Determine Old vs. New Users' Shop Visibility Changes
Company: Meta
Role: Data Scientist
Category: Data Manipulation (SQL/Python)
Difficulty: Medium
Interview Round: Onsite
SHOP_VISIBILITY_HISTORY
+----------+----------------+---------------------+-------------------+---------+
| user_id | user_signup_dt | action_timestamp | visibility_status | shop_id |
+----------+----------------+---------------------+-------------------+---------+
| 101 | 2020-03-10 | 2023-07-01 10:04:11 | invisible | 555 |
| 102 | 2023-06-20 | 2023-07-02 08:22:37 | visible | 556 |
| 103 | 2021-11-05 | 2023-07-01 14:15:02 | invisible | 557 |
| 104 | 2023-07-01 | 2023-07-02 16:45:09 | invisible | 555 |
| 105 | 2020-01-18 | 2023-07-03 09:30:00 | visible | 558 |
+----------+----------------+---------------------+-------------------+---------+
##### Scenario
E-commerce platform wants to know whether existing users are more likely than newly registered users to set a shop profile to invisible.
##### Question
Given historical shop visibility actions, write a SQL query that computes a metric of your choice that compares the propensity of old users versus new users to switch a shop profile to invisible.
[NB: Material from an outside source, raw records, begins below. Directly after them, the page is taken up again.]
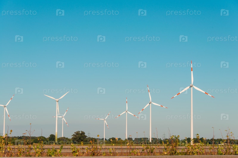 Ветряные мельницы в яркий летний день
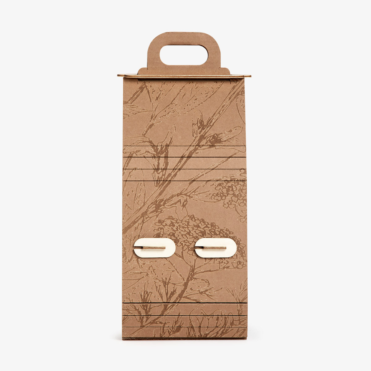 Disponibile in cartone avana naturale o nella versione Black and White project 100% riciclato, GHOST valorizza il contenuto senza sovrastarlo, lasciando spazio alla pura essenza del vino.
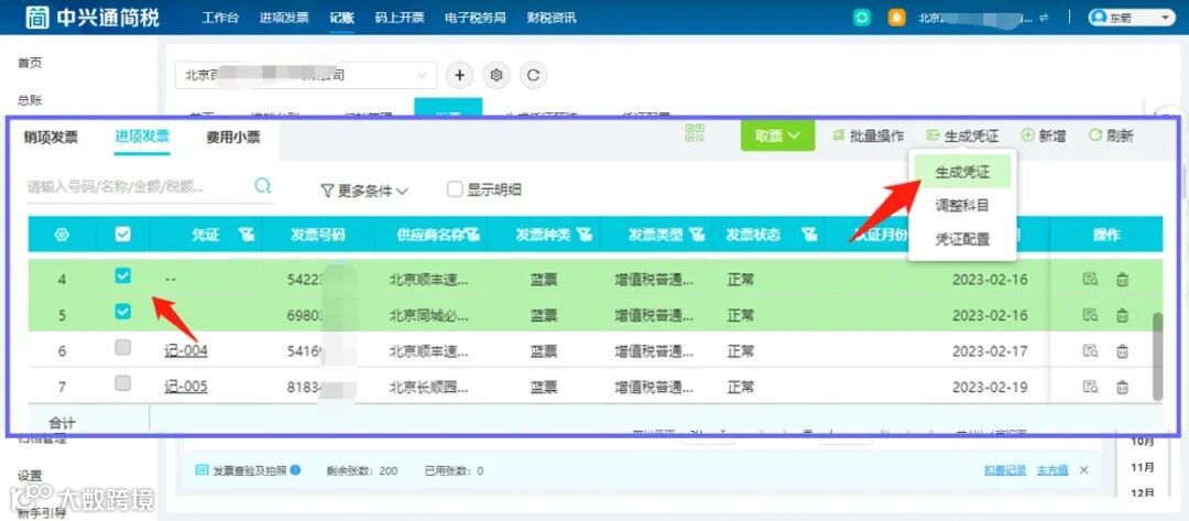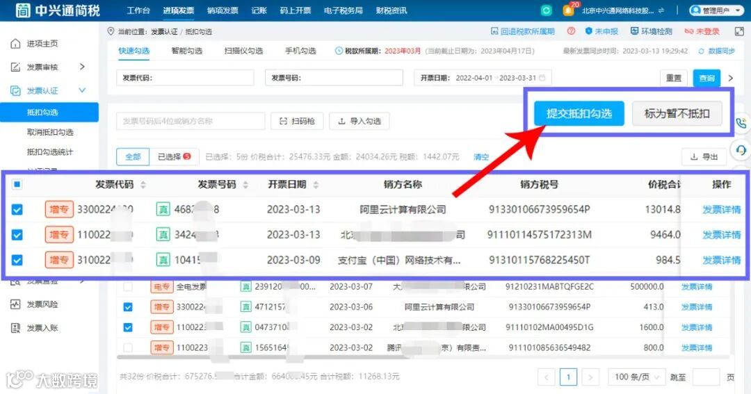 在中兴通简税【抵扣勾选】模块中,企业提交抵扣勾选发票后,相应的发票数据会自动同步至【记账】模块中。
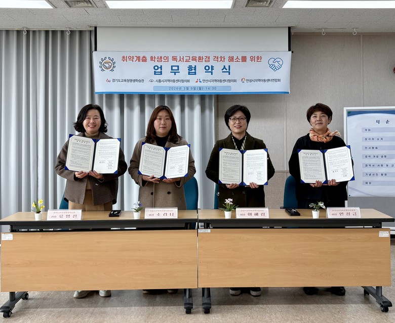 9일 경기도교육청평생학습관에서 열린 협약식에는 류영신 평생학습관장과 시흥·안산·안성지역아동센터협의(연합)회 회장 등 주요 관계자들이 참석해 취약계층 학생들의 독서 기반 교육환경을 개선하고 지역 간 교육 격차를 해소하는 데 힘을 모으기로 약속했다.
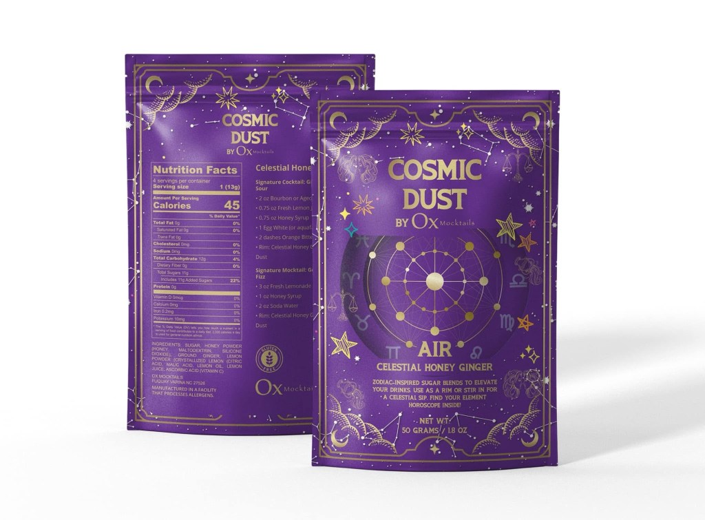Fast forward to now, and Cosmic Dust is officially real. We created a collection of elemental, zodiac-inspired cocktail dusts that bring magic to every glass. Each flavor was crafted with intention, using a chef’s approach to balance and boldness, paired with a playful storytelling vibe that keeps things fun.
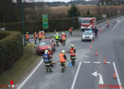 WOLFERN (ÖÖ): Die Freiwillige Feuerwehr Wolfern wurde am Karsamstag, 31. März 2018, um 12:32 Uhr mit dem Einsatzstichwort „Ölspur, Ölaustritt“ alarmiert. Den Informationen der Landeswarnzentrale konnten die Feuerwehrmänner entnehmen, dass es sich um Nacharbeiten eines Verkehrsunfalles mit zwei beteiligten Fahrzeugen handelt.
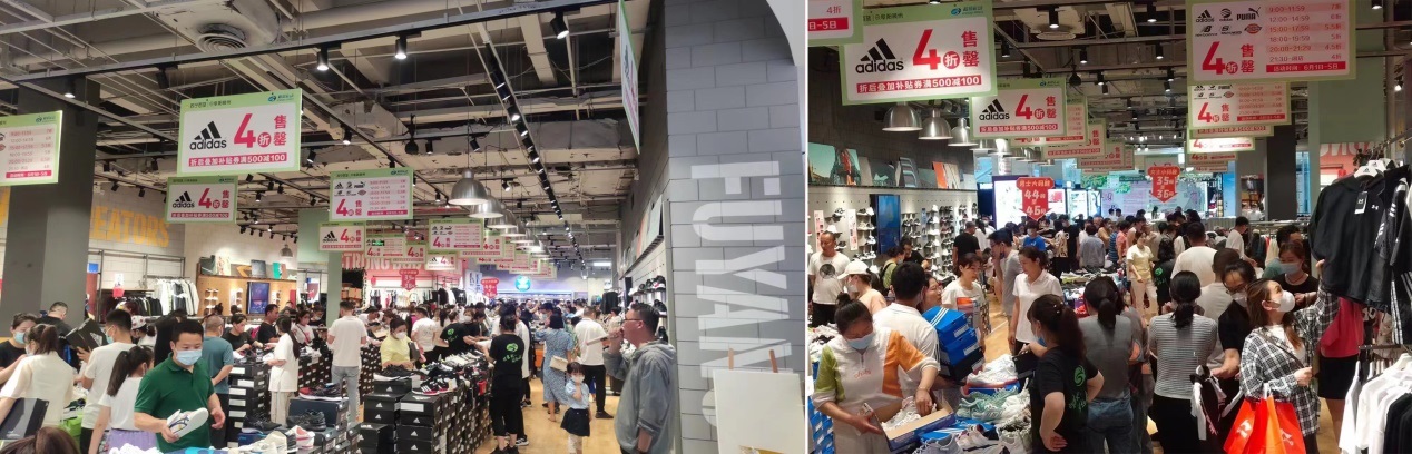 4000+品牌悉數(shù)參與年中大促活動,其中聯(lián)合耐克、阿迪達(dá)斯、李寧、安踏、周大福、周生生、百麗、巴拉巴拉等百余頭部品牌,當(dāng)季貨品全面上新,高性價比商品“遍地開花”,同時推出蘇寧百貨會員專屬力度,截止19日,周大福/周生生同比銷售提升46%,阿迪達(dá)斯/耐克銷售同比提升45%,李寧/安踏銷售同比提升56%,巴拉巴拉銷售同比提升38%,其中阜陽項(xiàng)目聯(lián)合阿迪達(dá)斯開展品牌售罄活動,6月1日-6月5日總計銷售突破400W,合計銷售6092件商品,充分喚醒消費(fèi)者購物熱情。
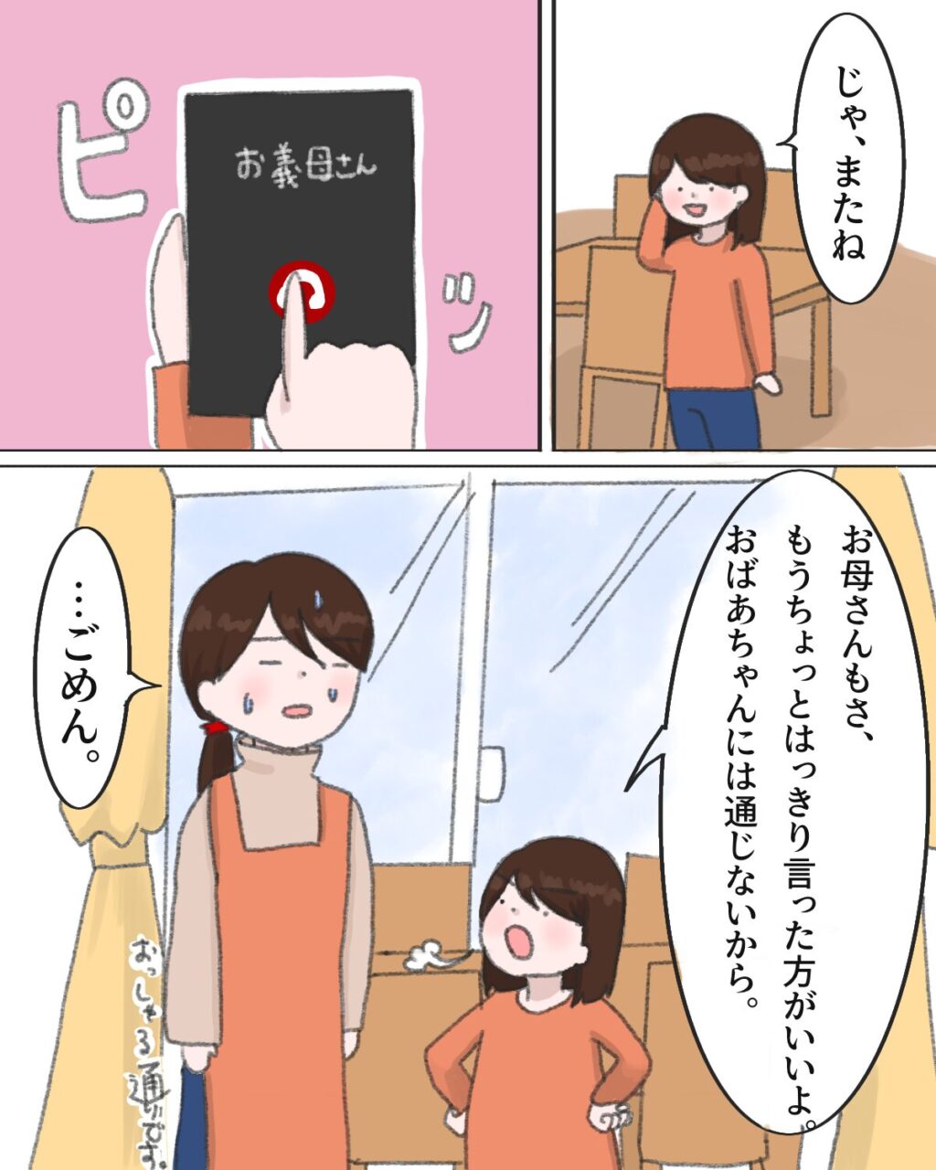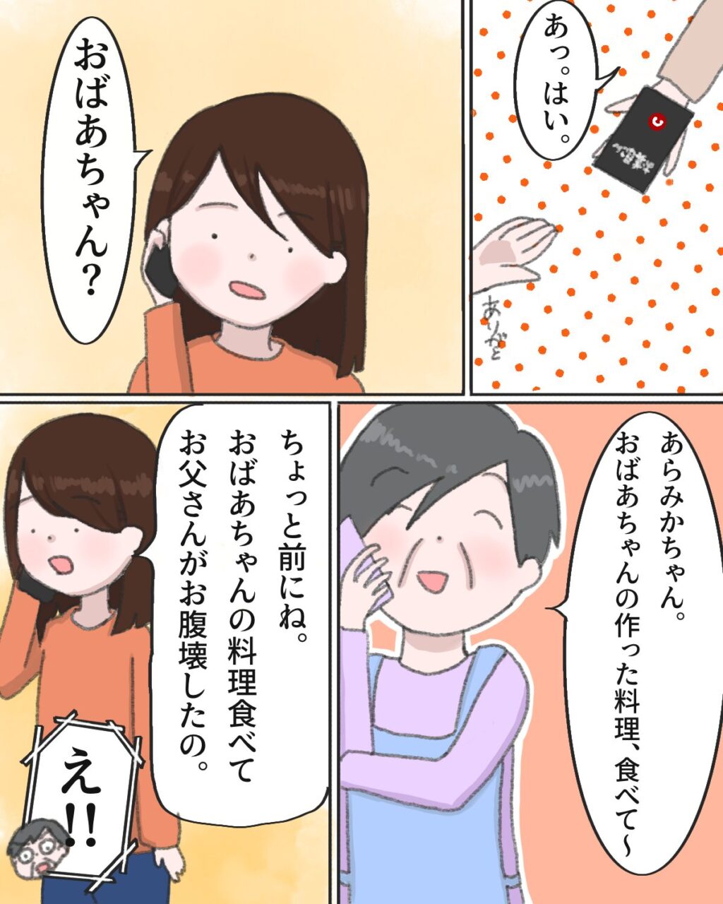 スマホを受け取ると、「おばあちゃん?」と話し始めたみか。「あら、みかちゃん。おばあちゃんの作った料理、食べて~」と、義母は思いがけず電話に出てきた孫に嬉しそうに伝えました。ところがみかは「ちょっと前にね。おばあちゃんの料理食べてお父さんがお腹壊したの。」と唐突に伝え出したので義母は「え!!」と驚きです。夫が腹痛になったのは私の体調管理ができていないせいだと思っていたからです。
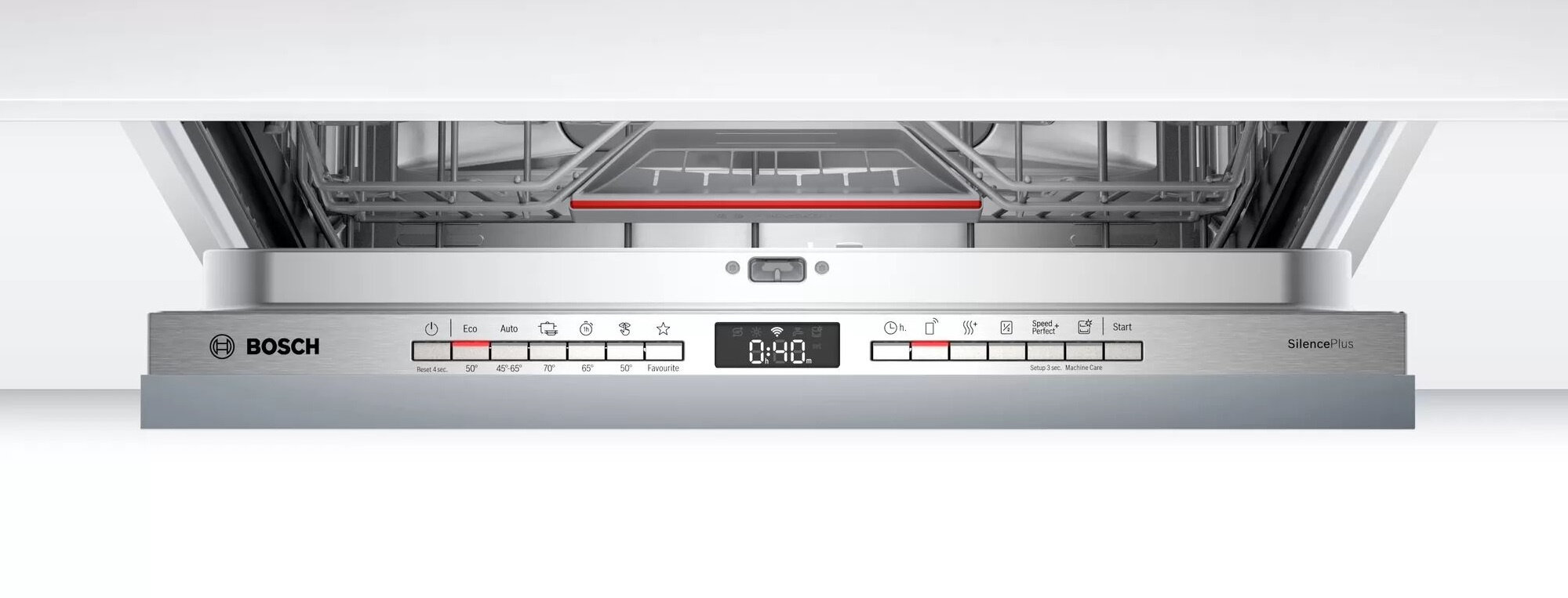 Встраиваемая посудомоечная машина Bosch SMV4HCX48E оснащен индикацией InfoLight на полу отображается красный луч, он означает, что идет процесс мытья. Home Connect позволяет управлять устройством прямо с вашего смартфона отдаленно. Система Aqua Stop защищает от любых протечек.
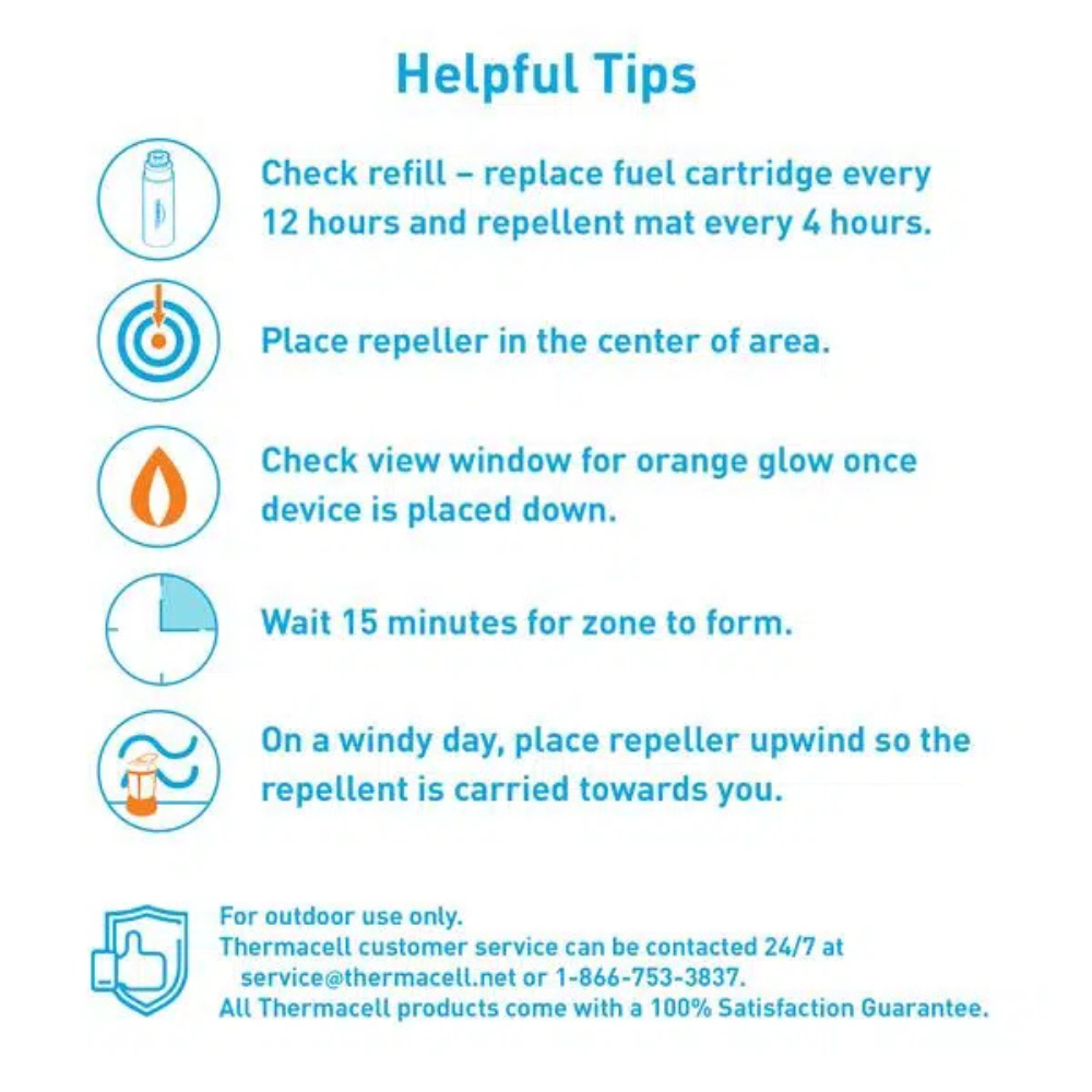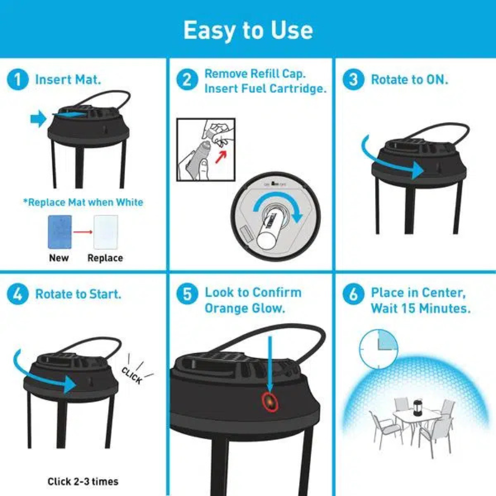 - Includes 12 hours of refills (3 mats + 1 fuel cartridge)
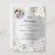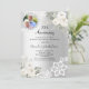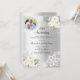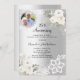 Para um elegante e romântico aniversário de 25. Um fundo com aspecto fino prateado decorado com flores, rosas e rendas brancas. Personalize e adicione sua foto, nomes e detalhes.
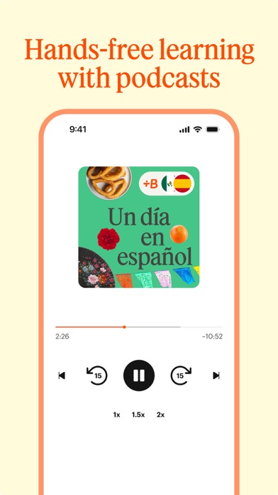 Speak a new language with confidence – get Babbel, the award-winning app built by 200+ language experts and trusted by millions worldwide. Learn a new language faster with bite-sized lessons designed to fit your everyday life. With Babbel’s proven method, you could start having real conversations in as little as 3 weeks. Your language learning adventure starts with a lesson. WHY BABBEL WORKS • Research-proven results Efficacy backed by researchers at Yale University: 100% improved their oral proficiency in 3 months.* • Expert-built courses Courses are created by language experts and tailored to your native language, so you learn naturally and efficiently. • Speak with confidence Improve your pronunciation and rehearse out loud with interactive conversation practice. TRUSTED BY MILLIONS • 25 million subscriptions sold • 1.5 million 5-star ratings (based on App store ratings) • After 10 hours with Babbel, 96% of learners saw better test scores on grammar and vocabulary** BUILT FOR REAL LIFE • Short, effective lessons: Learn in as little as 10 minutes a day • Lessons for every motivation: Learn for travel, work, or fun • Listen, speak, write: Options for every learning style • Stress-free conversation practice: Build confidence with Guided Conversations, then practice freely with Babbel Speak (Beta) • Smart review system: Boosts learning and retention • Grammar in context: Clear explanations exactly when you need them • Offline mode: Download lessons and learn anywhere, anytime • 5,000+ courses: Over 60,000 lessons across all languages LEARN 14 LANGUAGES Spanish (Latin American or Spain), French, Italian, German, Portuguese, English (American or British), Russian, Polish, Turkish, Norwegian, Danish, Swedish, Dutch, and Indonesian. TRY BABBEL TODAY Download Babbel now and take a free lesson. SUBSCRIPTION DETAILS A subscription is required to access full courses for one language. Subscriptions renew automatically unless canceled at least 24 hours before the end of the current period. Payment will be charged to your Apple account. Available plans: • 1 month • 3 months • 6 months • 12 months Privacy policy: https://about.babbel.com/en/privacy/ Terms of use: https://about.babbel.com/en/terms/ LEARN MORE Read Babbel Magazine for tips and insights: https://www.babbel.com/en/magazine Follow us: Instagram: https://www.instagram.com/babbelusa Facebook: https://www.facebook.com/Babbel.usa CONTACT US Questions or feedback? Email: [email protected] *Based on a study conducted with Babbel users learning Spanish. Available at http://bit.ly/BabbelYale. **Based on a study conducted with Babbel users learning Spanish. Available: http://bit.ly/BabbelMSU.
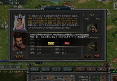 选择飞升之后将会被要求付出10万的黄金。小CASE了吧!点击就可完成飞升。
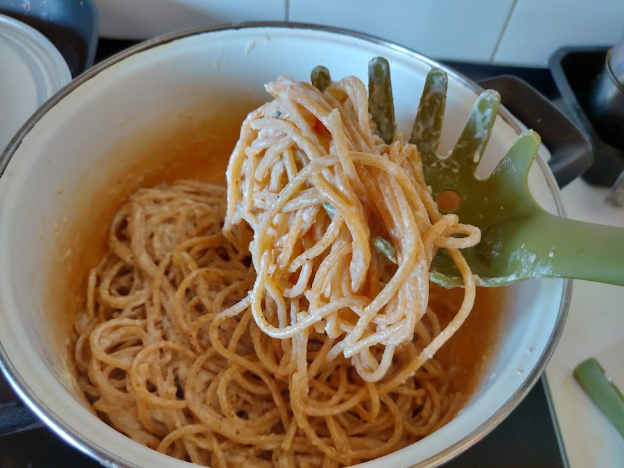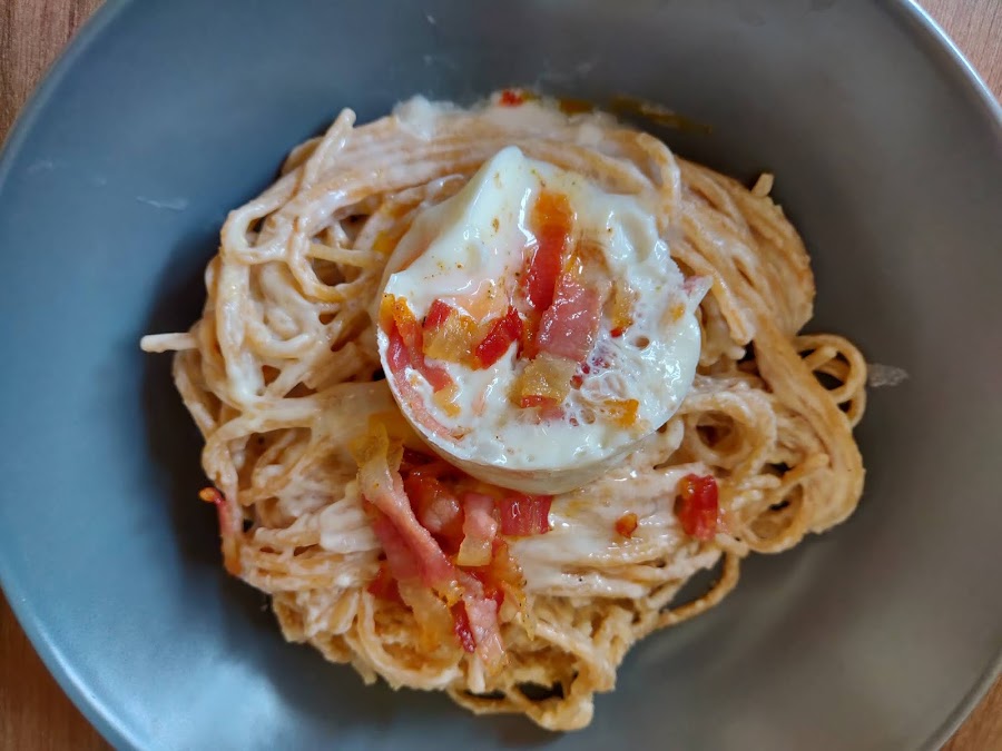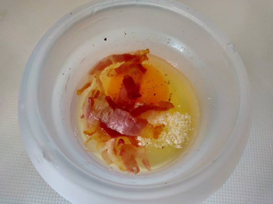 Es interesante guardar un poco de agua de la cocción para añadírsela si queremos que la pasta quede más cremosa. Sacamos el huevo del microondas y comprobamos la cocción, si os gusta más cuajado deberéis cocinarlo en tandas de 10 segundos, pero la gracia está en que quede muy poco hecho.
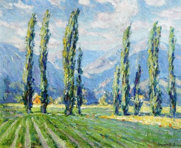 Armand Guillaumin, sometime in the late 19th or early 20th century, made this painting of the Pontcharra valley with oil on canvas. The way he's dabbed on the paint, it's like he's building up the scene, brick by brick, or maybe note by note. Look at the field in the foreground, how it shimmers with these flicks of ochre and brown. It's not just a field; it’s a buzz of energy, almost humming. Then your eye wanders up to the trees. They're solid, sturdy, but even they are made up of a thousand little gestures, a thousand touches. I mean the whole thing just breathes, and lives. And those mountains in the back? They are like soft giants, watching over everything. There is something about the way he built this up, like he didn't want to make too much noise. It’s not like Monet, but there's something gentle and humane in it. Like the guy wanted to leave a light footprint.

Briefly justify why the metric you chose is appropriate.
##### Hints
Define "old" vs "new" users, then calculate the proportion of invisible actions per group.
Quick Answer: This question evaluates SQL-focused data manipulation skills and analytical competency in cohort definition and metric selection for comparing behavioral propensities, specifically assessing how to measure the likelihood of old versus new users switching a shop profile to invisible.